**INPUT DATA**.
★ ★ ★

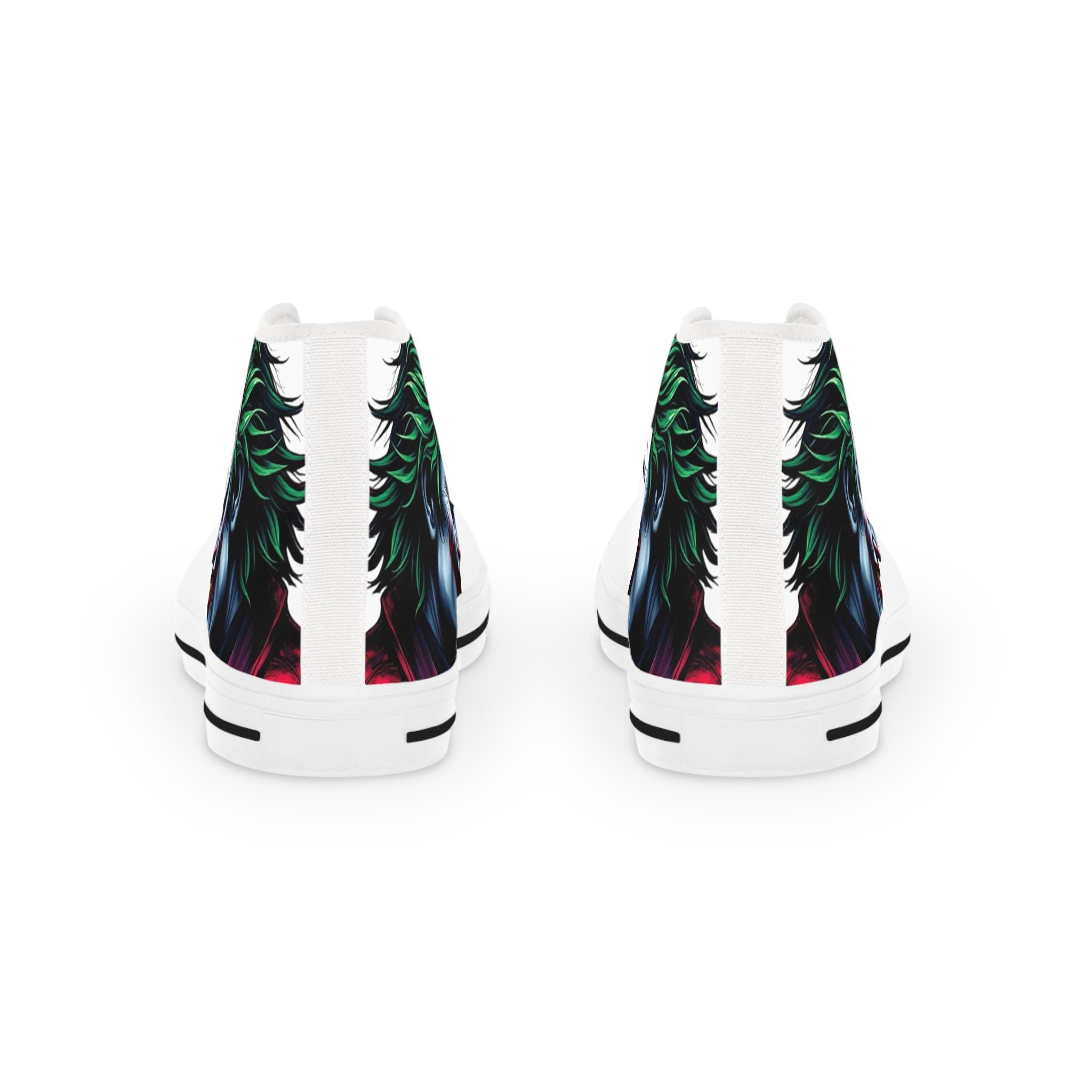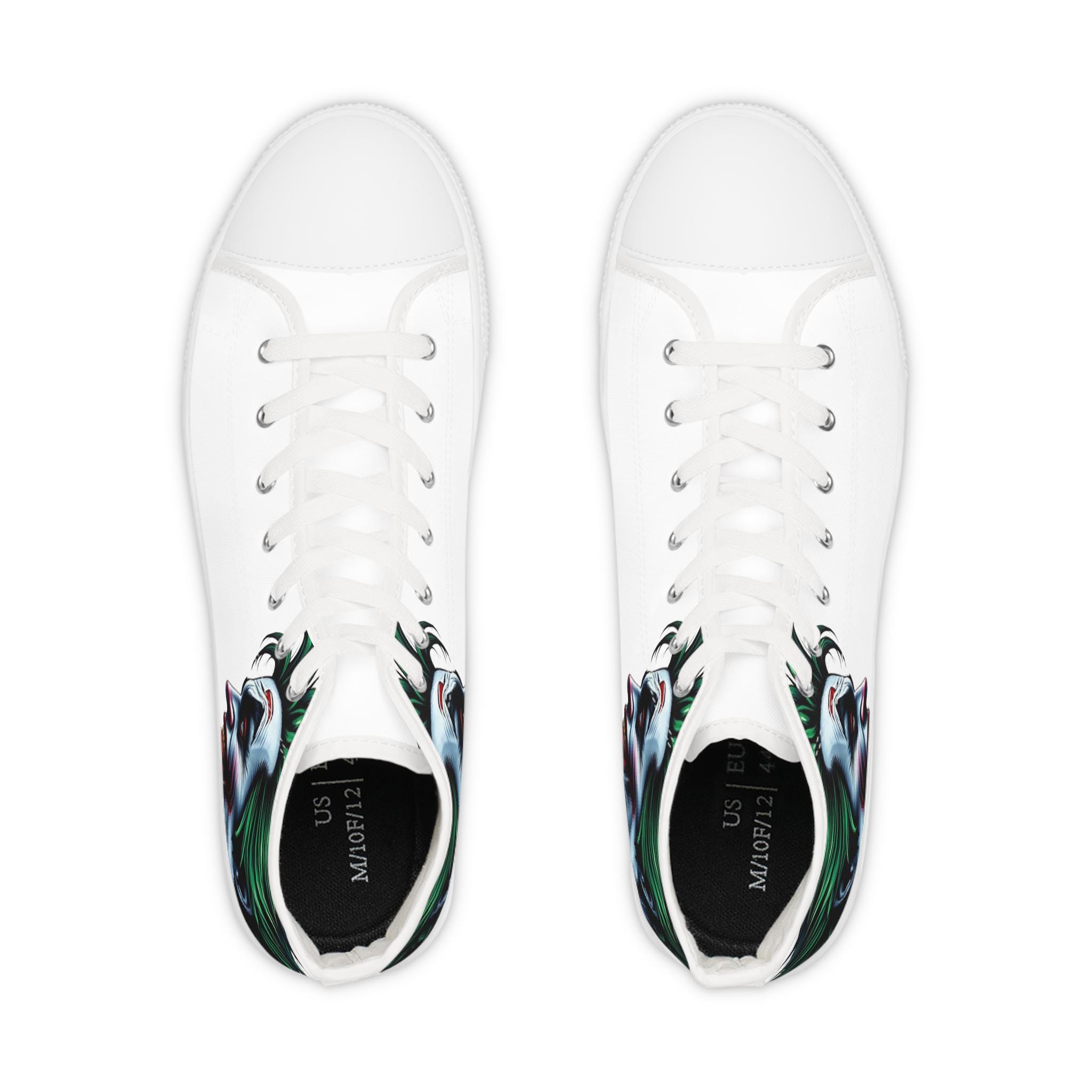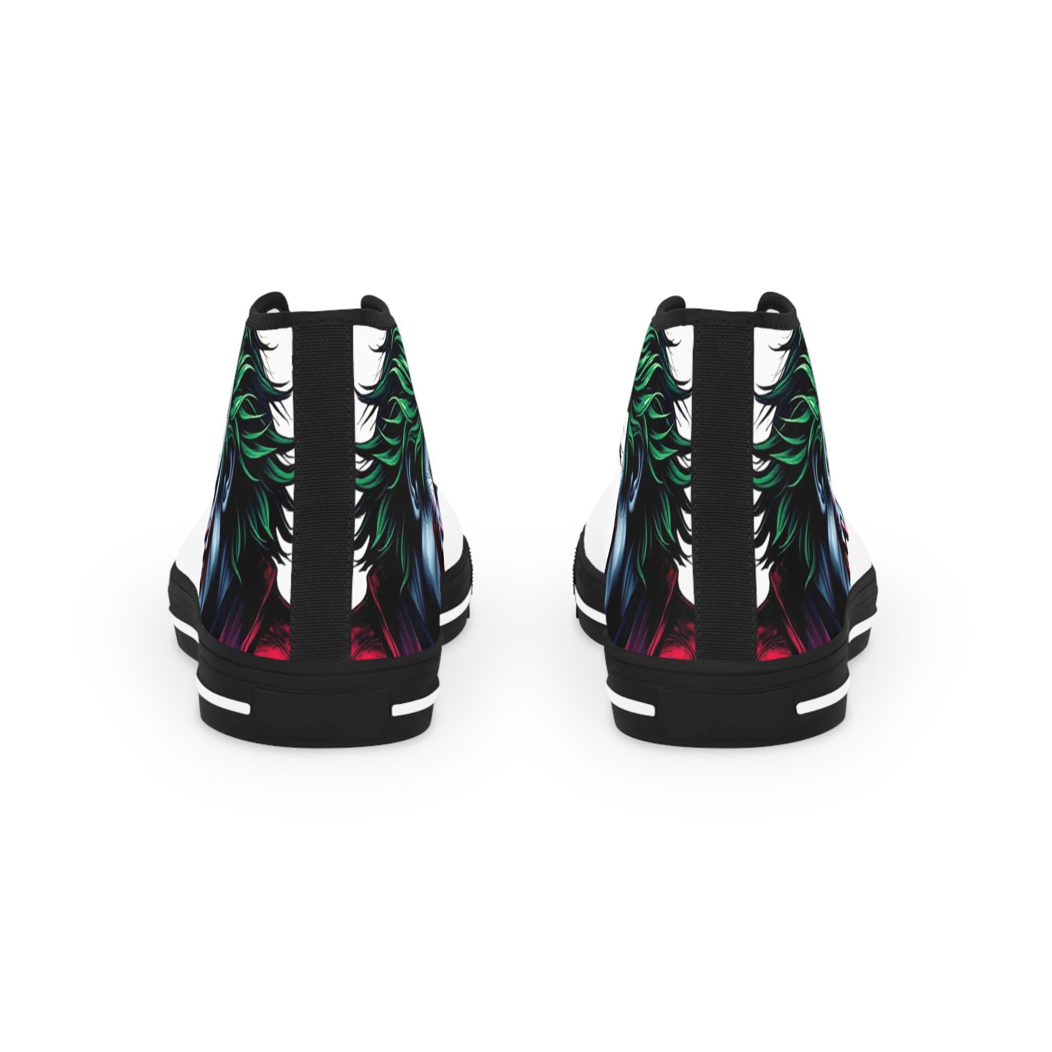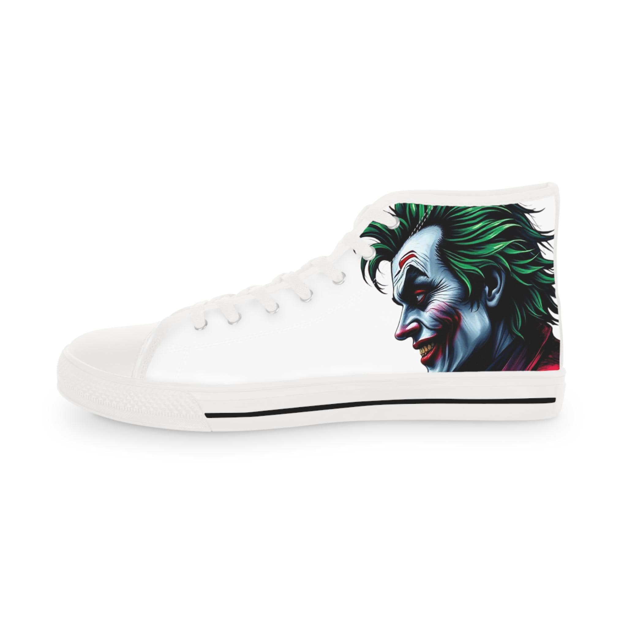 These high-top sneakers carry a dark, cinematic energy—your steps feel loud even when silent. The wraparound print places a grim, painted grin at the ankle and tongue, so every stride reveals another sliver of the portrait. The canvas upper breathes while a cushioned EVA memory-foam insole takes the edge off long days. Metal eyelets and a pleather-reinforced toe add a gritty durability that matches the shoe’s bold attitude. Wear them with cropped jeans or a long coat; they pull a whole outfit toward the dramatic and unapologetic.
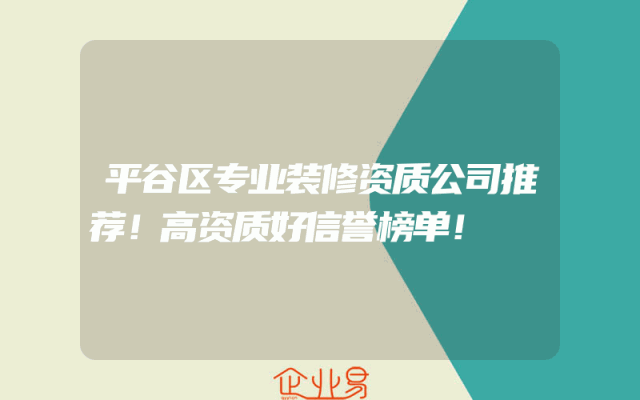 - 平谷区专业装修资质公司推荐!高资质好信誉榜单!
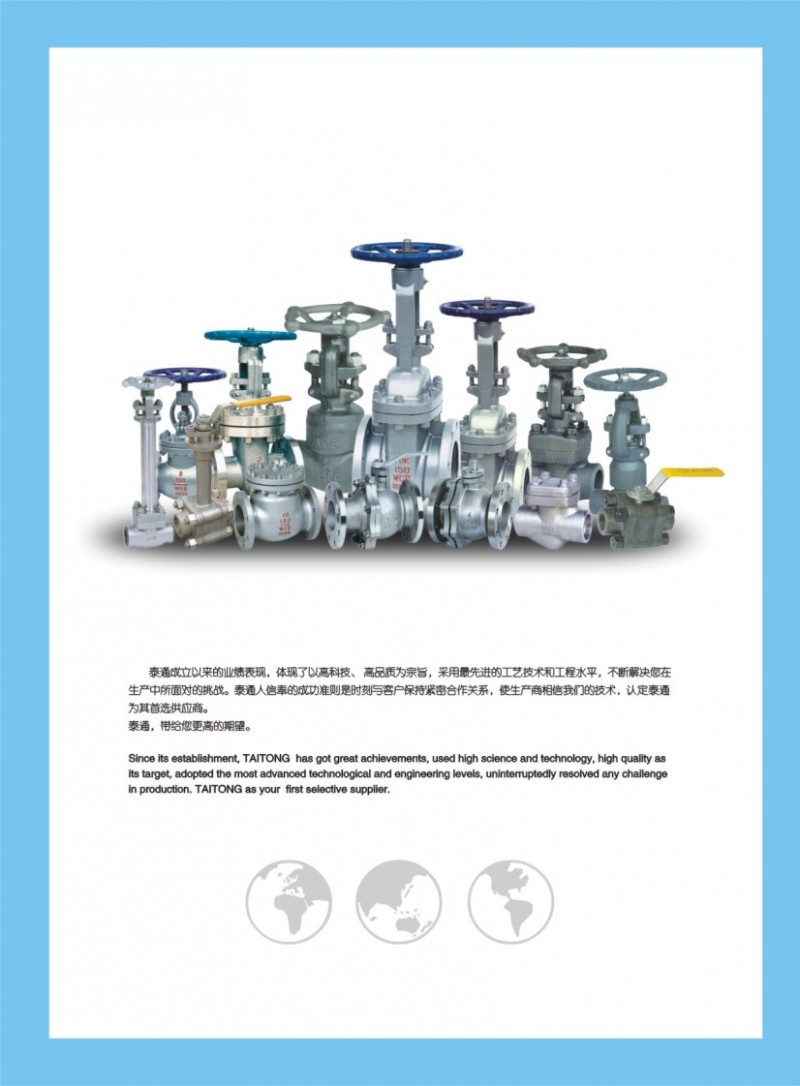 浙江泰通閥門有限公司是中國外向型、集團型閥門加工生產(chǎn)制造企業(yè)之一;由泰通集團總投資人民幣2000多萬元在全球聞名的泵閥之鄉(xiāng)——永嘉縣甌北鎮(zhèn)東甌工業(yè)區(qū)興建現(xiàn)代化的泰通工業(yè)園,占地面積25000多平方米,建筑面積達到20000多平方米。公司技術(shù)力量雄厚,設(shè)備精良,擁有數(shù)控車削中心,高效,高精度加工專業(yè)機器,現(xiàn)代化探傷設(shè)備等各類加工檢測設(shè)備200多臺。企業(yè)先后通過了IS090001,API,CE及AZ國際認證。

★ ★ ★

Please produce an exact copy of all the material, leaving out the pictures.

 These high-top sneakers carry a dark, cinematic energy—your steps feel loud even when silent. The wraparound print places a grim, painted grin at the ankle and tongue, so every stride reveals another sliver of the portrait. The canvas upper breathes while a cushioned EVA memory-foam insole takes the edge off long days. Metal eyelets and a pleather-reinforced toe add a gritty durability that matches the shoe’s bold attitude. Wear them with cropped jeans or a long coat; they pull a whole outfit toward the dramatic and unapologetic.
 - 平谷区专业装修资质公司推荐!高资质好信誉榜单!
 浙江泰通閥門有限公司是中國外向型、集團型閥門加工生產(chǎn)制造企業(yè)之一;由泰通集團總投資人民幣2000多萬元在全球聞名的泵閥之鄉(xiāng)——永嘉縣甌北鎮(zhèn)東甌工業(yè)區(qū)興建現(xiàn)代化的泰通工業(yè)園,占地面積25000多平方米,建筑面積達到20000多平方米。公司技術(shù)力量雄厚,設(shè)備精良,擁有數(shù)控車削中心,高效,高精度加工專業(yè)機器,現(xiàn)代化探傷設(shè)備等各類加工檢測設(shè)備200多臺。企業(yè)先后通過了IS090001,API,CE及AZ國際認證。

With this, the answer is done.